Виталий шагал рядом. Инспектор перевел разговор на другую тему, стал рассказывать о том, что звонил в Москву. Там подтвердили, что под фамилией Сухов скрывался опасный преступник.
- Настоящая его фамилия Ядров, Николай Устинович, - объяснил Гряднов. - В Витебске он участвовал в разгроме военного комиссариата, где захватил ряд документов.
- Мой отец последнее письмо именно оттуда, из Витебска, прислал, вставил Виталий.
- Да. Так что никакой он тебе не родственник. И судить его будут как матерого бандита, на счету которого не только убийство Ромашина, но и множество других преступных дел.
- А Губошлеп какой номер отмочил, - улыбнулся Себекин. - Как только вы его привели, он сразу ко мне: саквояж американский нашли, так что отпускайте, и все тут. Я ему вроде как слово давал.

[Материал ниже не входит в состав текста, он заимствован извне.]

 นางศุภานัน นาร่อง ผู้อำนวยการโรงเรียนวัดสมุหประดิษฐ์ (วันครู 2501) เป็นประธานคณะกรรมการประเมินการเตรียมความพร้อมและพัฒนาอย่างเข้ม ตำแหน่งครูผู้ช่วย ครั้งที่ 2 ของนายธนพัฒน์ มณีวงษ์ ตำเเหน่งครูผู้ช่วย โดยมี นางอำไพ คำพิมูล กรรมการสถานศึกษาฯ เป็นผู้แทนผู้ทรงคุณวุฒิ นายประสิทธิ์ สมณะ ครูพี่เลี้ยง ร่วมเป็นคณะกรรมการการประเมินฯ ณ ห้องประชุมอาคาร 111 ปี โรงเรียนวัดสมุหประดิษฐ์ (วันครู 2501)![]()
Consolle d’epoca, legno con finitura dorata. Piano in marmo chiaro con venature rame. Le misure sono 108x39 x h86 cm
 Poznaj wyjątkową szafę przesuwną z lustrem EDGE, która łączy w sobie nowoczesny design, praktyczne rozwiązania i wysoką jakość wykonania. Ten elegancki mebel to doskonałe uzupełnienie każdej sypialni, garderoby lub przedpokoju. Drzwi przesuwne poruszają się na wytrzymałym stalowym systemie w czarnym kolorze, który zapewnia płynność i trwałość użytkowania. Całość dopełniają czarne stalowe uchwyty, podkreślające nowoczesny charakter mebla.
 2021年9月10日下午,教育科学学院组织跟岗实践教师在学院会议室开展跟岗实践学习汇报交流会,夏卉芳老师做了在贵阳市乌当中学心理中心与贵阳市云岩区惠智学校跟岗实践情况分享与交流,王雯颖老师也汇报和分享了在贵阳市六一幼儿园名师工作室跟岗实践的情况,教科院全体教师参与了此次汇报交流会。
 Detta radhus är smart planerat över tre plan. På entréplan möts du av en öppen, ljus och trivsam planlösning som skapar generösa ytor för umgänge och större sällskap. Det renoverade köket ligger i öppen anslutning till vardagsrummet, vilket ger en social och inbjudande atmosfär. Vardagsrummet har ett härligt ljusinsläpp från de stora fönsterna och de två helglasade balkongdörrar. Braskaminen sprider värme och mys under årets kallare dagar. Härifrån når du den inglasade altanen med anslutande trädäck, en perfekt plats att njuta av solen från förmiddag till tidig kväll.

- Подонок, - ответил москвич и после паузы повернулся к своему молодому спутнику. - А ведь у меня и для тебя есть новость. Нашли мы твоего Генку. Сейчас дело прекращено, его выпустили. Так что он дожидается тебя на ярмарке, на площади.
- Вот спасибо! - обрадовался Виталий. - Побегу я тогда.
- И тебе спасибо, - сказал Гряднов. - Будешь в Москве - заходи.
- Обязательно! Мы с Генкой вас еще навестим. - И он быстро побежал под откос к пристани.